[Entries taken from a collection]
-- Opening Marker --
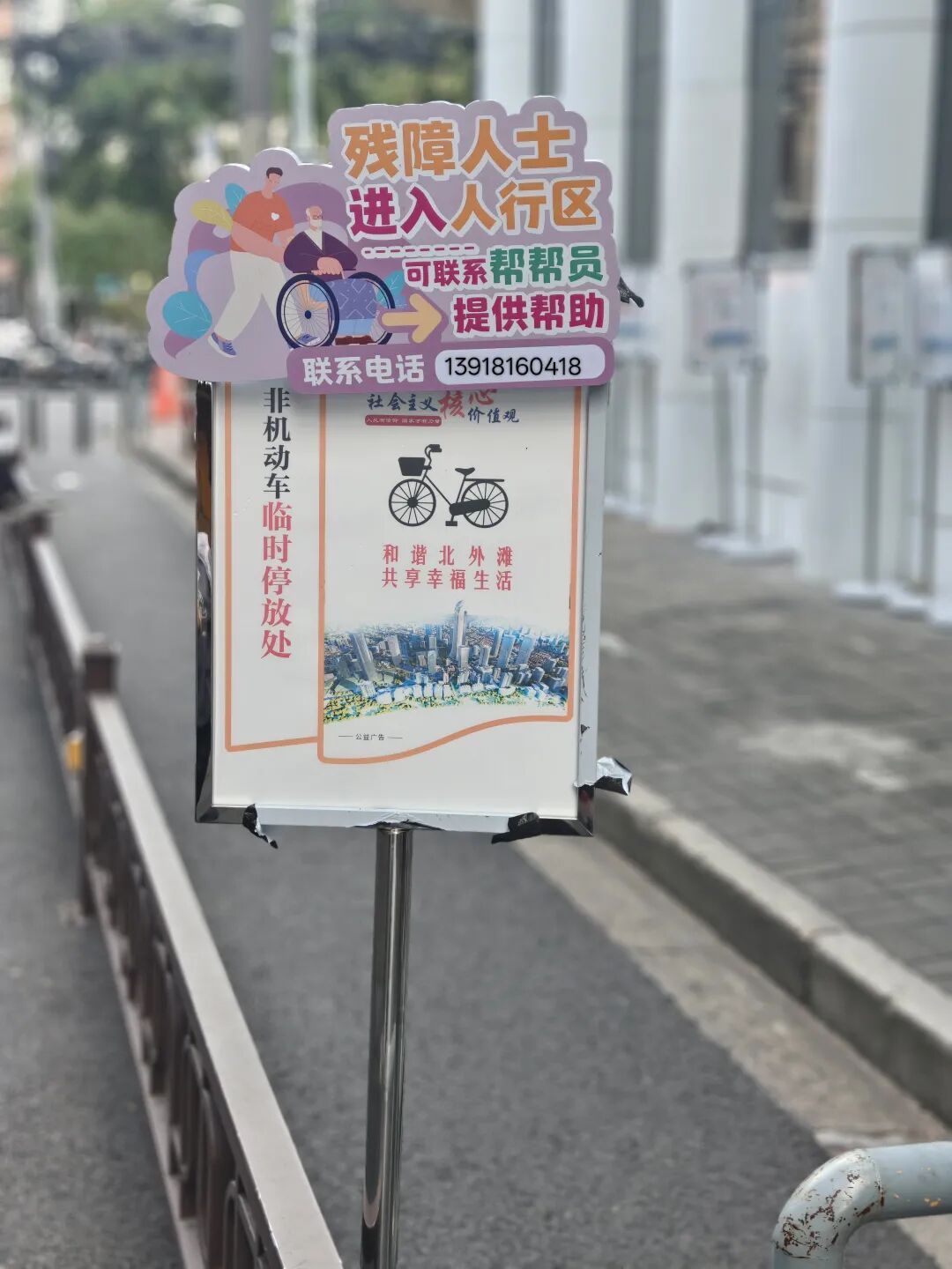 北外滩街道第一综合网格工作人员介绍说:“我们收到市民群众的反馈后,联合交警大队、城管中队、街道社管办、残联等共同到现场会商研究。”大家决定对隔离栏两端入口硬件设施进行优化调整,留出方便轮椅进出的空间,并在显著位置增设引导标识牌。
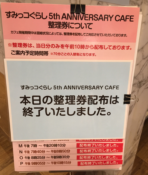 両方をきっちり抑えたい方は、朝イチでこのカフェの列に並び整理券をゲット、すみっコぐらし展の会場に向かうのはその後!ってコースがよさそうです。
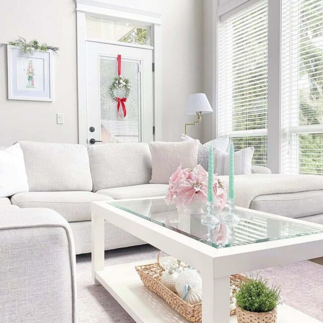 Pink flowers burst with color atop the rectangular white glass-top coffee table.
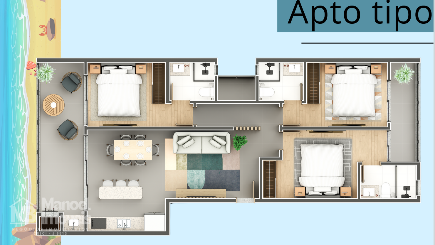 3 dormitórios /sendo 3 suítes
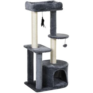 Ensure your cat is happy and healthy with this PAWHUT activity tree. Using particle board for the structure so it is stable enough for them to climb and jump, it is covered in soft and plush material for comfort and safety. The tree is composed of a house, a top perch and two platforms, giving your pet plenty of space to relax and play about. It's easy to assemble too, meaning your cat will have a new favourite spot ready in no time at all.Features:Features one small house, a top perch, two platforms, a ball ball and a play featherRaised edges protect your pet from falling downSisal scratching posts for your cat's claws, helps deter them from using furnitureCovered in soft plush fabric for a safe and comfortable surfaceParticle board frame ensures a solid and upright structureEasy to assemble
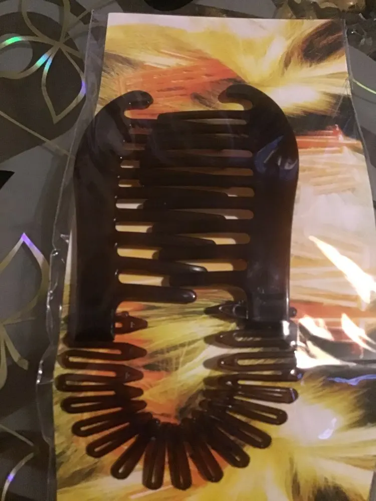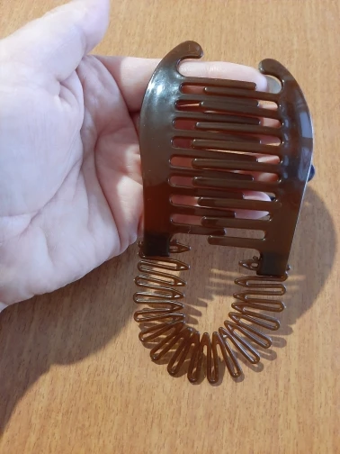 Заколка интересная. Держится на волосах за счёт плотного прилегания зубцов. Другой застёжки нет. Для прически в неопрятном стиле .
-- Closing Marker --
* **GOAL OF THE EXERCISE**:
Exact copy, no pictures: set down all the entries again as they stand.

* **YOUR RESPONSE**:
 北外滩街道第一综合网格工作人员介绍说:“我们收到市民群众的反馈后,联合交警大队、城管中队、街道社管办、残联等共同到现场会商研究。”大家决定对隔离栏两端入口硬件设施进行优化调整,留出方便轮椅进出的空间,并在显著位置增设引导标识牌。
 両方をきっちり抑えたい方は、朝イチでこのカフェの列に並び整理券をゲット、すみっコぐらし展の会場に向かうのはその後!ってコースがよさそうです。
 Pink flowers burst with color atop the rectangular white glass-top coffee table.
 3 dormitórios /sendo 3 suítes
 Ensure your cat is happy and healthy with this PAWHUT activity tree. Using particle board for the structure so it is stable enough for them to climb and jump, it is covered in soft and plush material for comfort and safety. The tree is composed of a house, a top perch and two platforms, giving your pet plenty of space to relax and play about. It's easy to assemble too, meaning your cat will have a new favourite spot ready in no time at all.Features:Features one small house, a top perch, two platforms, a ball ball and a play featherRaised edges protect your pet from falling downSisal scratching posts for your cat's claws, helps deter them from using furnitureCovered in soft plush fabric for a safe and comfortable surfaceParticle board frame ensures a solid and upright structureEasy to assemble
 Заколка интересная. Держится на волосах за счёт плотного прилегания зубцов. Другой застёжки нет. Для прически в неопрятном стиле .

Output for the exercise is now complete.